Supplied data:
= = =

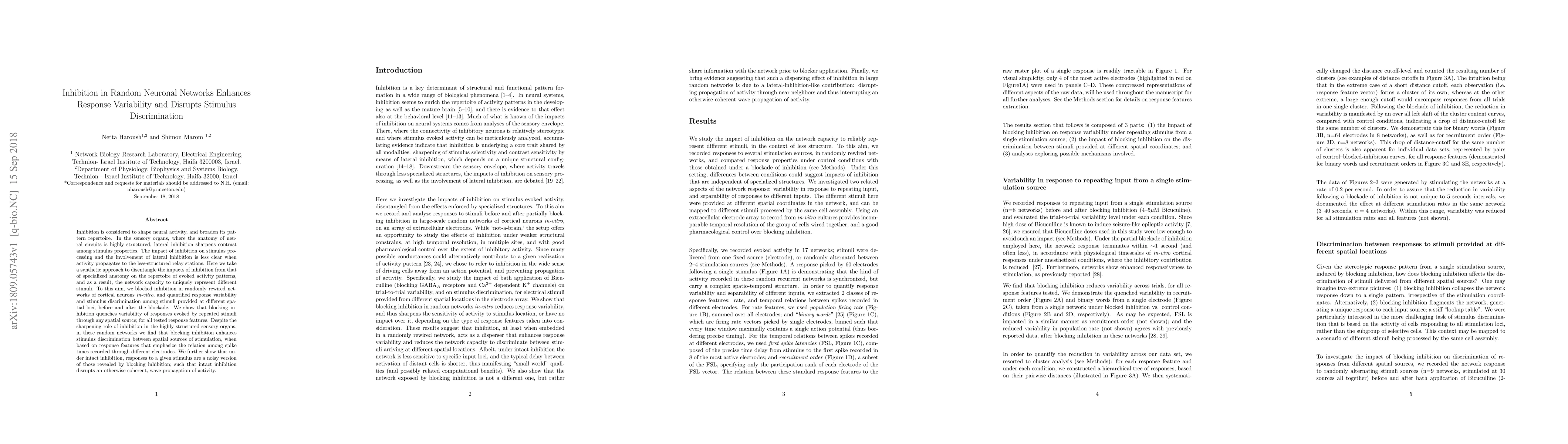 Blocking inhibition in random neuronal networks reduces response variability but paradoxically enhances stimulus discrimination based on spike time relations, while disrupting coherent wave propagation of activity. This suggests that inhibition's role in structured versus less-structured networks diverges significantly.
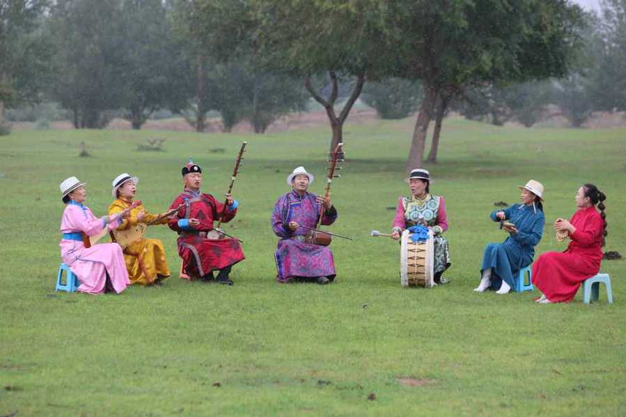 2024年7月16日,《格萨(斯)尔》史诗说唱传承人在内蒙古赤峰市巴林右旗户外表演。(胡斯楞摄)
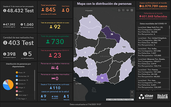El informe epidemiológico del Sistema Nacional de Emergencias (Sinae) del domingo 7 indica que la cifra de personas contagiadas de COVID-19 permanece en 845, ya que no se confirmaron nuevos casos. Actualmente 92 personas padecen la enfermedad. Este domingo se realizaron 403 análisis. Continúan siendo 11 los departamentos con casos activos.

= = =

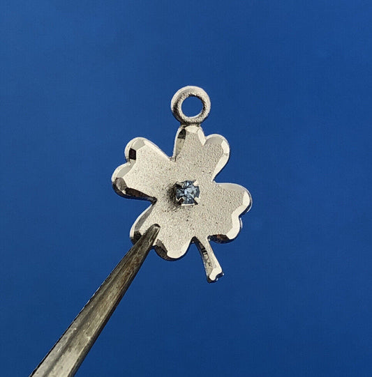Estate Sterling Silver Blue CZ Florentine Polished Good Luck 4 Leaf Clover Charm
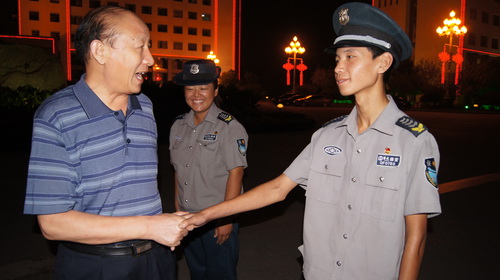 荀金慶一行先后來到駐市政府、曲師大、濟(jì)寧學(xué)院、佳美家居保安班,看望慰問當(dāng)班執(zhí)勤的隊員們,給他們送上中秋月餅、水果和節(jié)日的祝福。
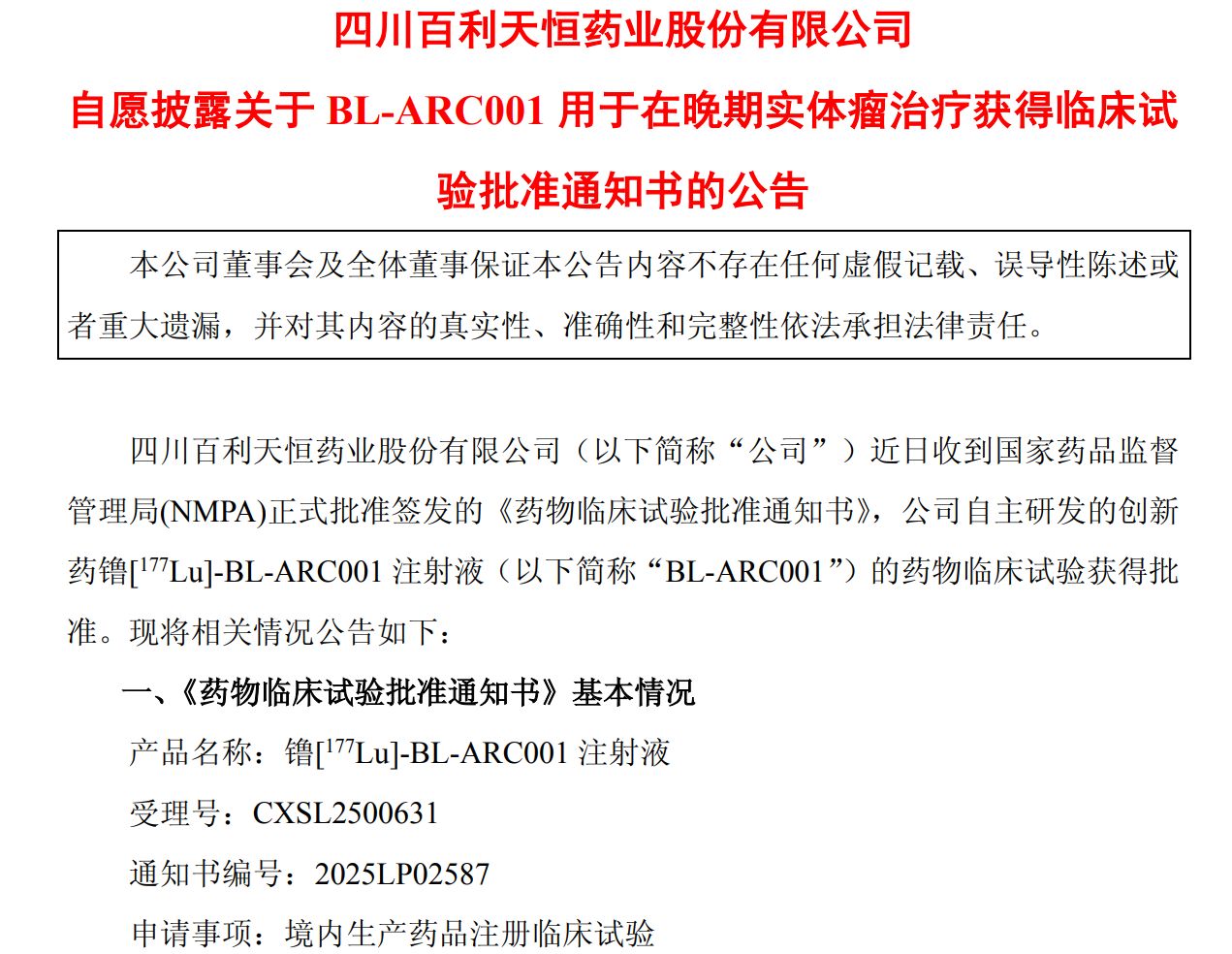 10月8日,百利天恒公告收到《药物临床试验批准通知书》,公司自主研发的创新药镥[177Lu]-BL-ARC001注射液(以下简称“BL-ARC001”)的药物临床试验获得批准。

= = =

What is needed:
With pictures excluded, reproduce exactly the lines above from the one containing "Blocking inhibition in" down to the one containing "El informe epidemiológico", those two included.

Result of this exercise:
 Blocking inhibition in random neuronal networks reduces response variability but paradoxically enhances stimulus discrimination based on spike time relations, while disrupting coherent wave propagation of activity. This suggests that inhibition's role in structured versus less-structured networks diverges significantly.
 2024年7月16日,《格萨(斯)尔》史诗说唱传承人在内蒙古赤峰市巴林右旗户外表演。(胡斯楞摄)
El informe epidemiológico del Sistema Nacional de Emergencias (Sinae) del domingo 7 indica que la cifra de personas contagiadas de COVID-19 permanece en 845, ya que no se confirmaron nuevos casos. Actualmente 92 personas padecen la enfermedad. Este domingo se realizaron 403 análisis. Continúan siendo 11 los departamentos con casos activos.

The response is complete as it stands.